- [RECORDED DATA]
[Start of section]

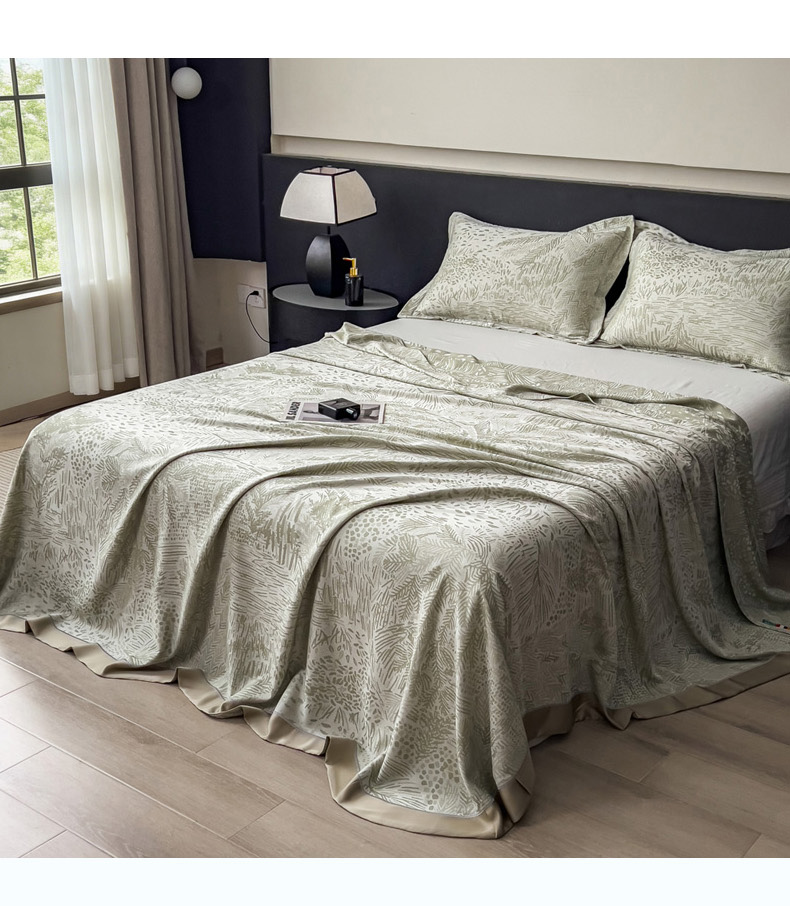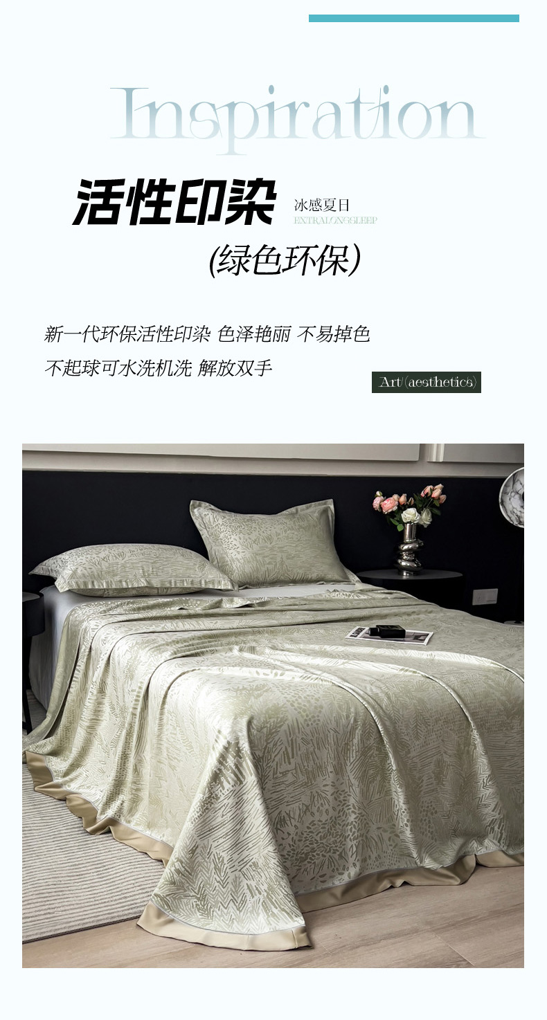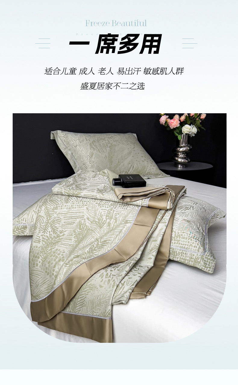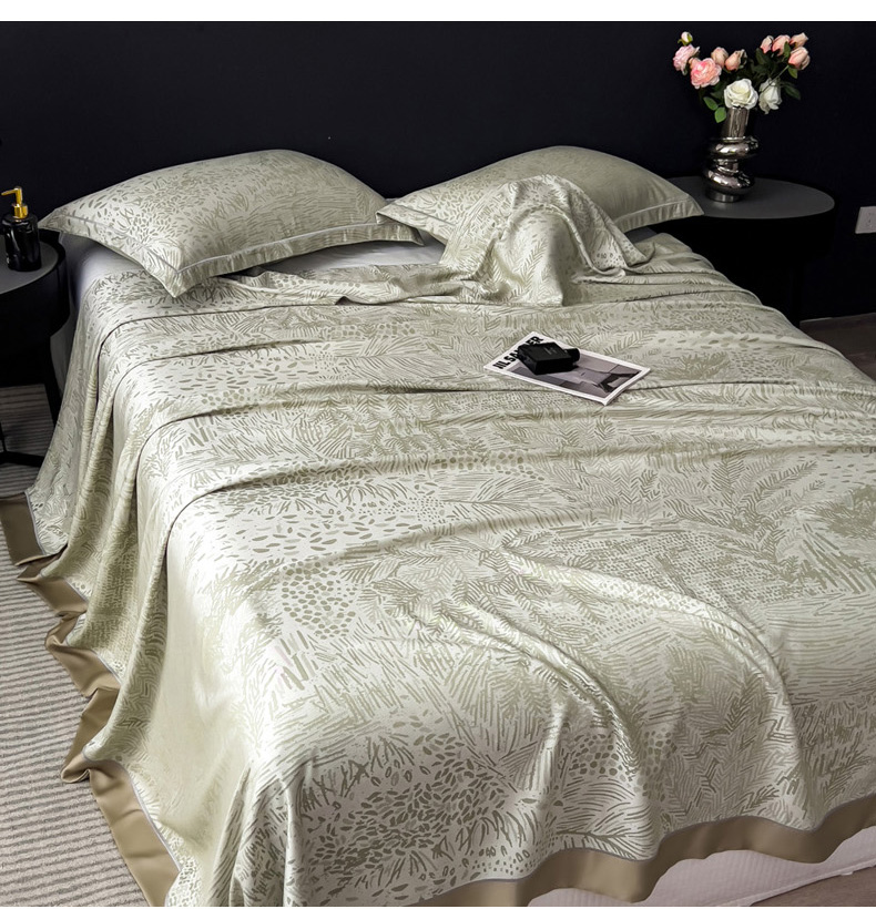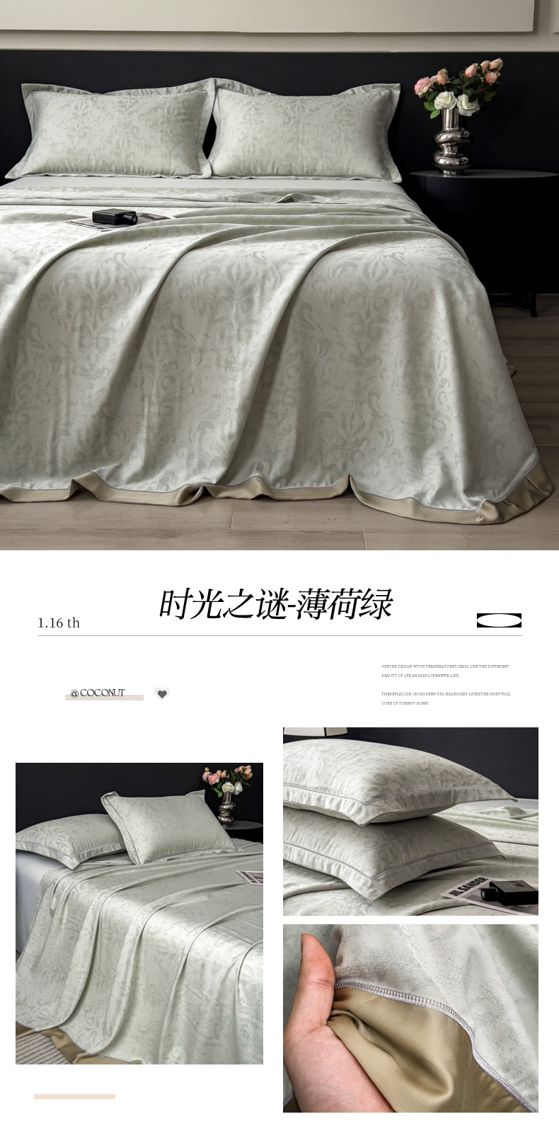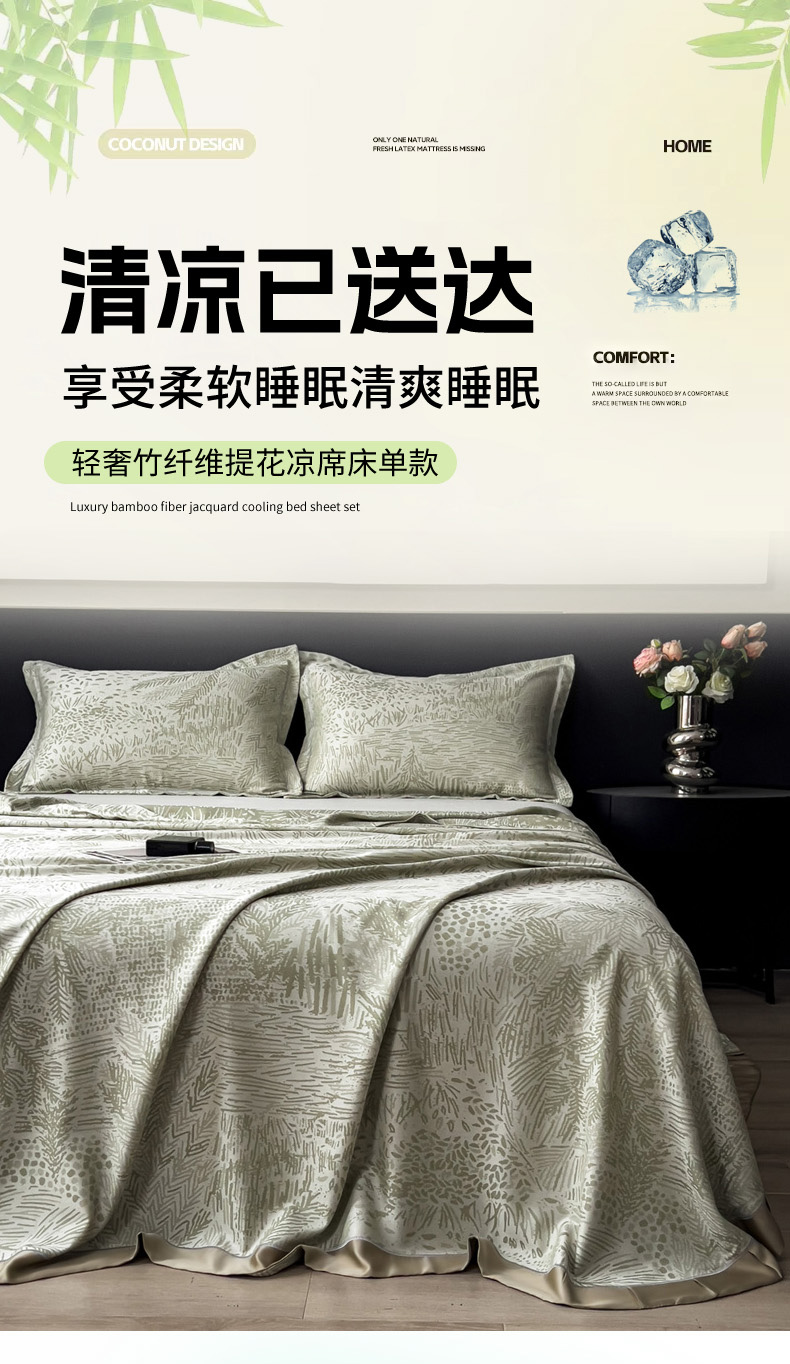 印季家纺 2026新款色织提花100%竹纤维床单凉席 素叶浅吟-薄荷绿
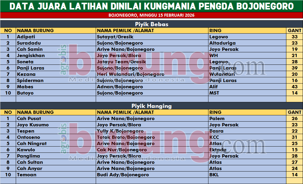 Sementara itu jalannya latihan dinilai yang memainkan dua kelas yitu Piyik Bebas & Hanging menampilkan jago jago terbaik di masing masing kelas, di piyik bebas, jawara Adipati (Kerekan 33) bergelang Legowo milik Sutayat asala Gresik mampu unggul atas jago jago tuan rumah untuk merebut podium pertama. Disusul kemudian jawara Suradadu (kerekan 23) bergelang Altaduriga di poidum kedua dan jawara Cah Samin (Kerekan 19) bergelang Joyo Persak dipodium ketiga.
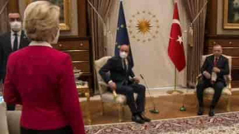 Глава Еврокомиссии, которая сначала вместе с Эрдоганом и Мишелем направилась к стульям для лидеров, осталась стоять, разведя в недоумении руками и пробормотав: «Эмм…», а затем села в стороне от лидеров на диван напротив министра иностранных дел Турции Мевлюта Чавушоглу, который по дипломатическому протоколу занимает более низкий ранг.

[End of section]

- [ASSIGNMENT] Restate the data above exactly, stripping out each image.

- [RESPONSE]
 印季家纺 2026新款色织提花100%竹纤维床单凉席 素叶浅吟-薄荷绿
 Sementara itu jalannya latihan dinilai yang memainkan dua kelas yitu Piyik Bebas & Hanging menampilkan jago jago terbaik di masing masing kelas, di piyik bebas, jawara Adipati (Kerekan 33) bergelang Legowo milik Sutayat asala Gresik mampu unggul atas jago jago tuan rumah untuk merebut podium pertama. Disusul kemudian jawara Suradadu (kerekan 23) bergelang Altaduriga di poidum kedua dan jawara Cah Samin (Kerekan 19) bergelang Joyo Persak dipodium ketiga.
 Глава Еврокомиссии, которая сначала вместе с Эрдоганом и Мишелем направилась к стульям для лидеров, осталась стоять, разведя в недоумении руками и пробормотав: «Эмм…», а затем села в стороне от лидеров на диван напротив министра иностранных дел Турции Мевлюта Чавушоглу, который по дипломатическому протоколу занимает более низкий ранг.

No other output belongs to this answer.